It could be argued that a significant part of your higher-level education comes from times when you encountered an interesting problem that you had actually barely any idea how to approach or perhaps did not even fully understand. These experiences are when, despite a lack of guidance, you do end up learning a lot provided you are interested enough to do well.
With this in mind, today's Extra involves just one project, credits to Emily Zitek for it. To excel at it, you'll need to engage in Python coding, use your understanding of Linear Regression Models (potentially dig in a bit deeper) and do a bit of Googling about data analysis programming tasks. It's possible that you haven't done any Python programming before, or perhaps you've used it, but not specifically for data analysis tasks. Again, this is the point. This time.
To be fair, if you have done data analysis in Python (or similar languages, I keep on writing "Python" since this is what I recommend you use here) before, it won't take long to get to something reasonable here. For everyone else: this is your chance to research, try & fail, talk to ChatGPT, browse Kaggle and finally: improve your coding skills. In particular, get some knowledge about Pandas, Matplotlib and SciPy libraries, whatever those things are... o_O
Project Description
As you know, when deciding whether to admit an applicant, colleges take lots of factors, such as grades, sports, activities, leadership positions, awards, teacher recommendations, and test scores, into consideration. Using SAT scores as a basis of whether to admit a student or not has created some controversy. Among other things, people question whether the SATs are fair and whether they predict college performance. This is what you are going to research.

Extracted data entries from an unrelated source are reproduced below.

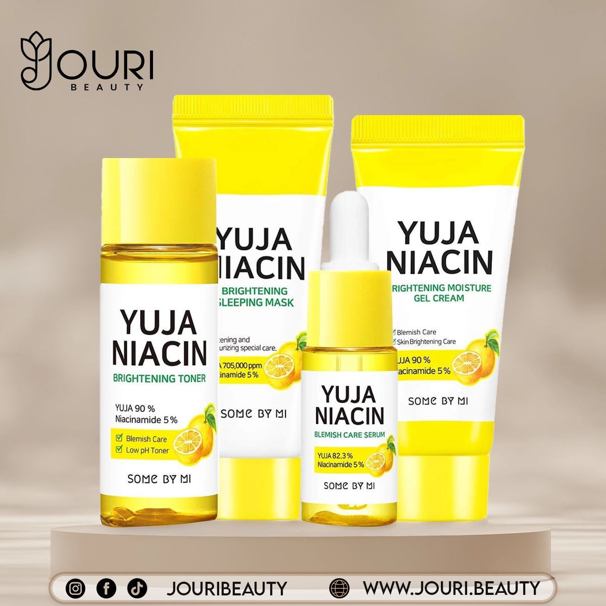 تحتوي المجموعة على عصير يوجا طبيعي غني بفيتامين C لتفتيح وتوحيد لون البشرة. النياسيناميد يقلل البقع الداكنة والتصبغات، بينما يرطب حمض الهيالورونيك البشرة بعمق، مما يزيد نضارتها ومرونتها.
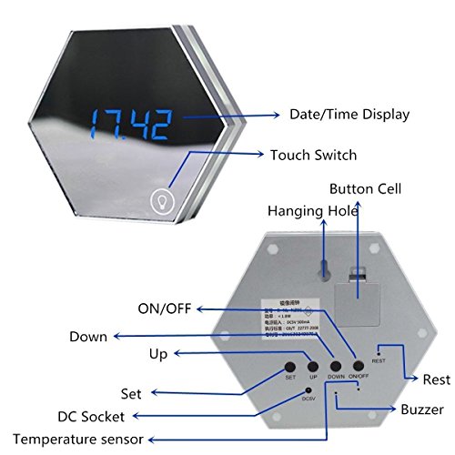 - Display: Time (12/24), Calendar (MM/DD), Temperature (C/F), Alarm (ON/OFF) ; Real bigger flat mirror screen,bold typeface,clear and comfortable visual sense technology, make sure you can see exactly the time without troubling sleep.
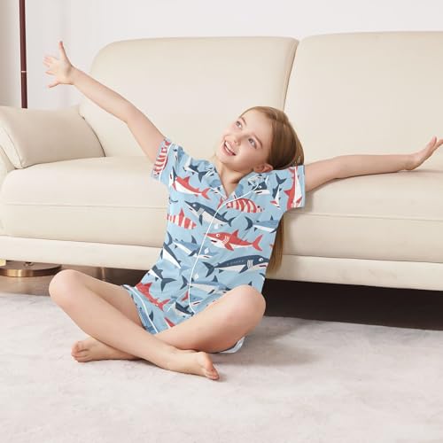 ALAZA Cute Fish on Blue Pajamas Satin Pajama Set Short Sleeve Button Down Sleepwear 7

There is data about 100 students grades & scores in the .csv format, you can download it here. Brief description of the columns from the data file are below:
Variable
Description
high_GPA
High school grade point average
math_SAT
Math SAT score
verb_SAT
Verbal SAT score
comp_GPA
Computer science grade point average
univ_GPA
Overall university grade point average
Below are the questions you need to answer, some are very specific (to get you started), some are more general (to leave some room for research). You do not have to focus solely on these questions: you are welcome to branch out!
If you do want us to check your work, please do it in Google Colab: it is an easily sharable Jupyter Notebook. You can both do data analysis, Python coding, writing comments (using Latex even), etc... all in one place. In particular, you can produce a great report with functioning pieces of code all there. No special set up needed.